What is needed: Using the data below, print exactly the line with "de (E)QSL. ***", the line with "Что касается результатов", and every line between them, but none of the pictures.

=== Entries shown ===

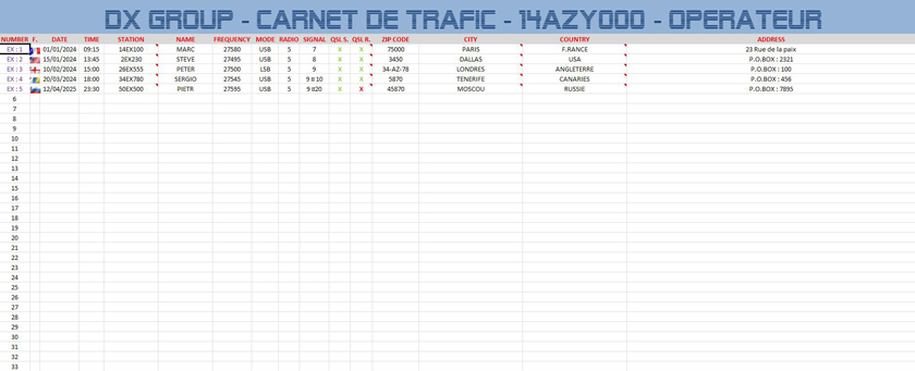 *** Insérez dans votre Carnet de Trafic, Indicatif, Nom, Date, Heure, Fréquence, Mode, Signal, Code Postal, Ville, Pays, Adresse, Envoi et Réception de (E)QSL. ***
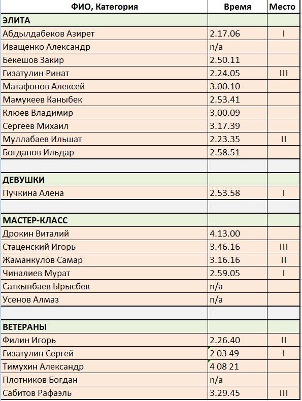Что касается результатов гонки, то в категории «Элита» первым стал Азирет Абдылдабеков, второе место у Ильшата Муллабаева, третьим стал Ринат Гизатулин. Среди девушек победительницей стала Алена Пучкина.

===
=== Entries shown ===

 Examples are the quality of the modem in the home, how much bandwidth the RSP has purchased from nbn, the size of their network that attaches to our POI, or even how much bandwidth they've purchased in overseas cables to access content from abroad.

===
=== Entries shown ===

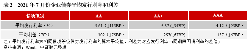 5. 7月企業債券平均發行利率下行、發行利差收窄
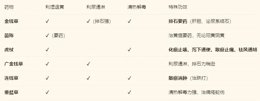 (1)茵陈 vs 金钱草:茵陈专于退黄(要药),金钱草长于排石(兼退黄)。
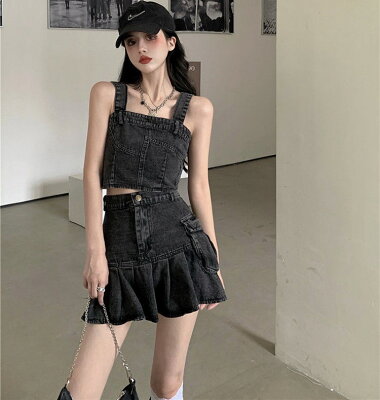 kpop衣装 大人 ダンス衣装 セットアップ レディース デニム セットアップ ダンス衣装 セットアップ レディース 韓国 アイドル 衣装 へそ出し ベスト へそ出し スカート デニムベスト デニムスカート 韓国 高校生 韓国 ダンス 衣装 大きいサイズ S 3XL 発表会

===

Answer box:
 *** Insérez dans votre Carnet de Trafic, Indicatif, Nom, Date, Heure, Fréquence, Mode, Signal, Code Postal, Ville, Pays, Adresse, Envoi et Réception de (E)QSL. ***
Что касается результатов гонки, то в категории «Элита» первым стал Азирет Абдылдабеков, второе место у Ильшата Муллабаева, третьим стал Ринат Гизатулин. Среди девушек победительницей стала Алена Пучкина.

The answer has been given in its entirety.